Точно так же и другие области общественной деятельности — ремесла, искусства и т. д. — возникли в процессе развития практической деятельности, в процессе общественной практики, в процессе дифференциации этой общественной практики. Так зарождались на основе речи — поэзия, на основе пиктографических знаков — живопись и т. д. В этом отношении не может быть исключением и архитектура; она появилась на определенной ступени развития узко утилитарного строительства примитивного жилища.
Тесная взаимосвязь строительства и искусства сохранялась и в дальнейшем развитии, вплоть до нашего времени. Путь, следовательно, идет не от искусства к строительству, а от строительства к искусству; не «архитектура как искусство» выполняет, между прочим, те или другие функциональные задачи, а строительство становится искусством.
В этом плане нужно ставить и вопрос о специфике. Поэтому неверно полагать, что специфика архитектуры заключается в том, будто она «как искусство» служит удовлетворению определенных потребностей общества. Дело обстоит как раз наоборот: специфика архитектуры не в ее отличии от других видов искусства, а в ее особенностях как вида строительной практики. Целиком сохраняя значение своей строительной природы, архитектура выступает на новой качественной ступени художественного творчества, становится особым видом искусства.
Таким образом, все те показатели, которые свойственны строительству, свойственны и архитектуре как его художественно-творческой ступени; в первую очередь — служение человеку для его практических потребностей.
Материальная и техническая прочность, стремление к наибольшей целесообразности, к разумному и экономному использованию средств, т. е. в конечном итоге к максимальной жизненной оправданности, — все это — естественные предпосылки полноценности произведений архитектуры, вытекающие из ее строительной природы.
То, что об этом частично или даже полностью забыли некоторые архитекторы, является следствием путаницы в сложных вопросах природы архитектуры. Нужна принципиальная борьба за органическое, синтетическое понимание всего комплекса задач, стоящих перед архитектурой. Строительную задачу архитектор осуществляет как многосторонне обусловленную архитектурную задачу, как идейно, эстетически, художественно осмысленную строительную задачу.

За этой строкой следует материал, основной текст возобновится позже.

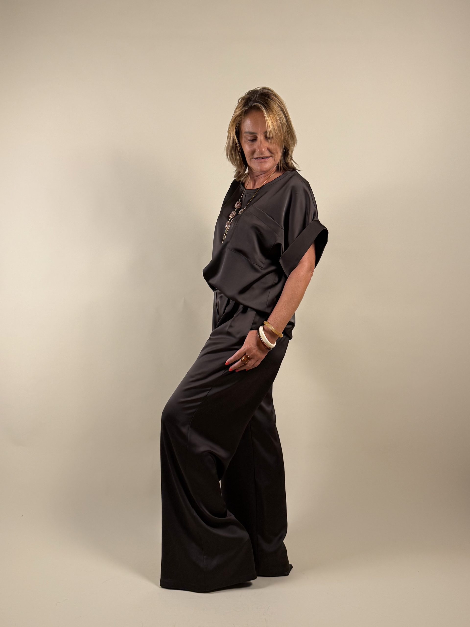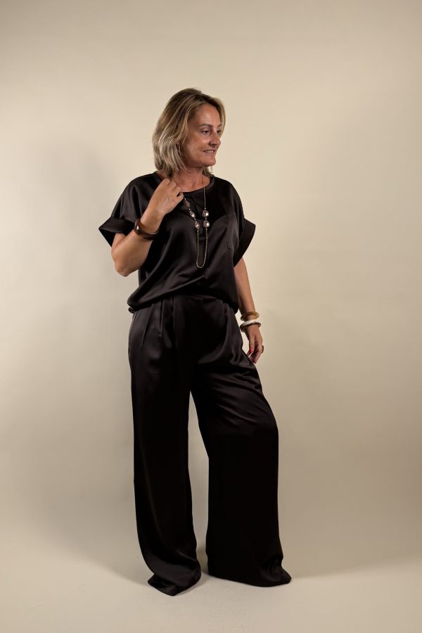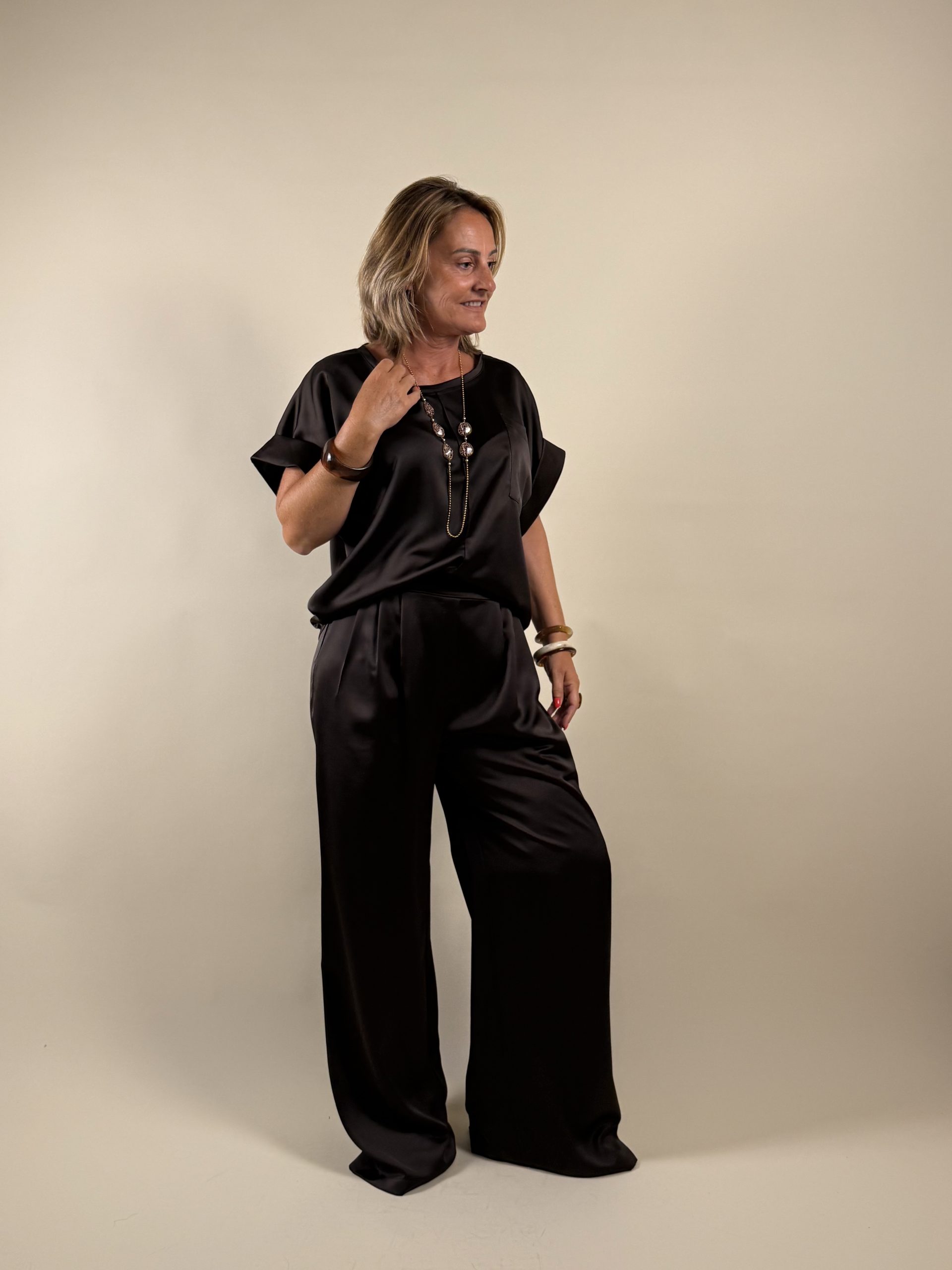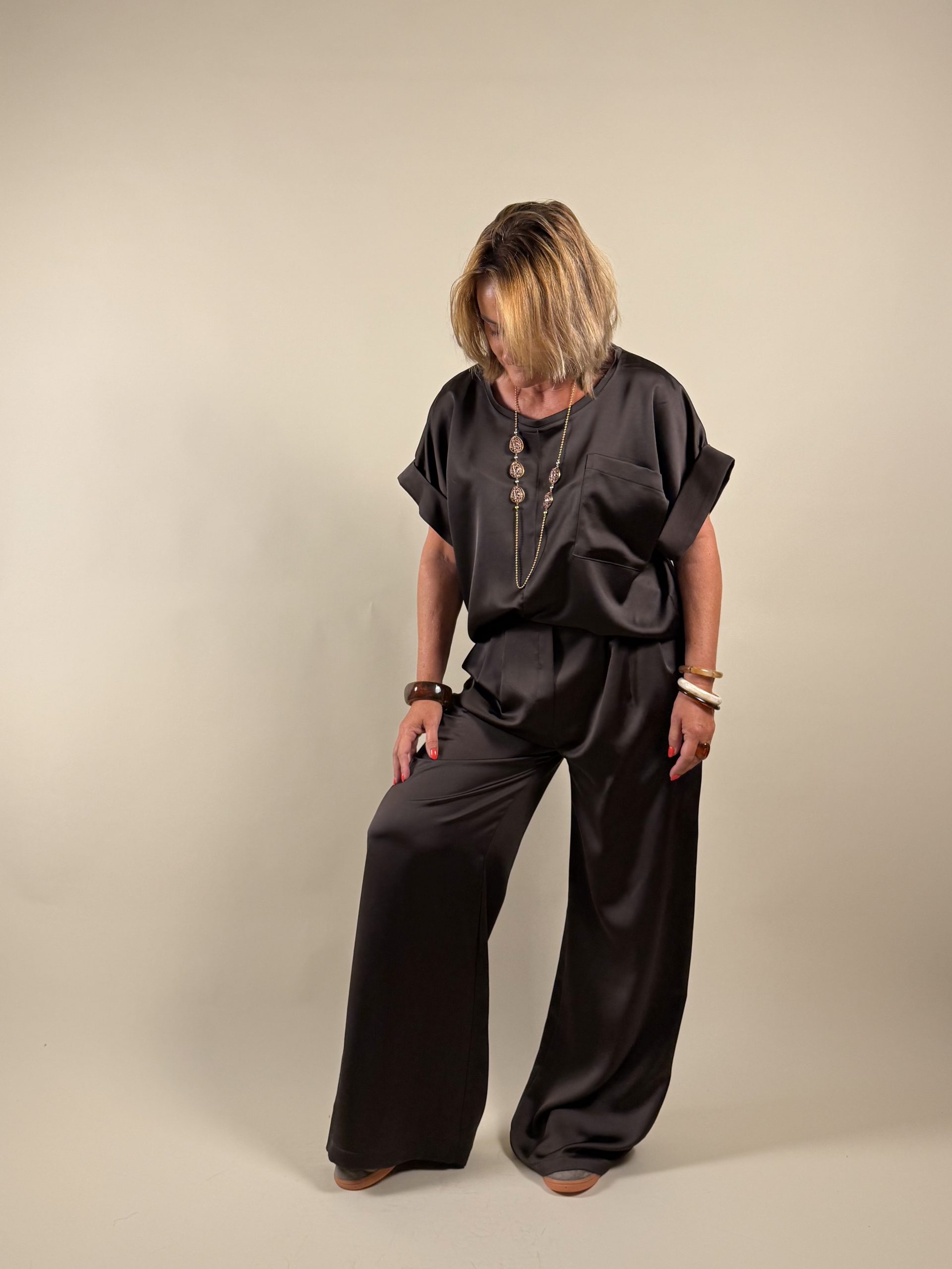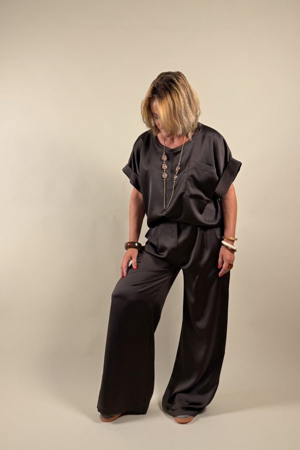 The Ambre pants feature a deep chocolate brown shade with a satin finish that adds subtle shine. Their wide pleated cut creates a chic and comfortable flow.

Строитель создает свой объект, стремясь к тому, чтобы обеспечить техническую целесообразность и рациональность строительного процесса в соответствии с материальными возможностями заказчика, потребителя и т. д. Объект может получиться при этом и более и менее красивым. Но качество красоты для него не является ни обязательным, ни решающим, поскольку он остается объектом простого строительства, инженерным сооружением.
Архитектор создает свое произведение, стремясь к тому, чтобы удовлетворить все требования, вытекающие из строительной задачи, строительной основы, чтобы рационально решить свою строительную задачу. Учитывая вместе с тем роль, смысл, назначение строительного объекта в жизни данного общества, он ставит перед собой еще одну задачу: выразить в образно-художественной форме содержание своего объекта. Следовательно, решая строительную задачу на реальной и рациональной строительной основе, архитектор решает одновременно и задачу идейно-художественную.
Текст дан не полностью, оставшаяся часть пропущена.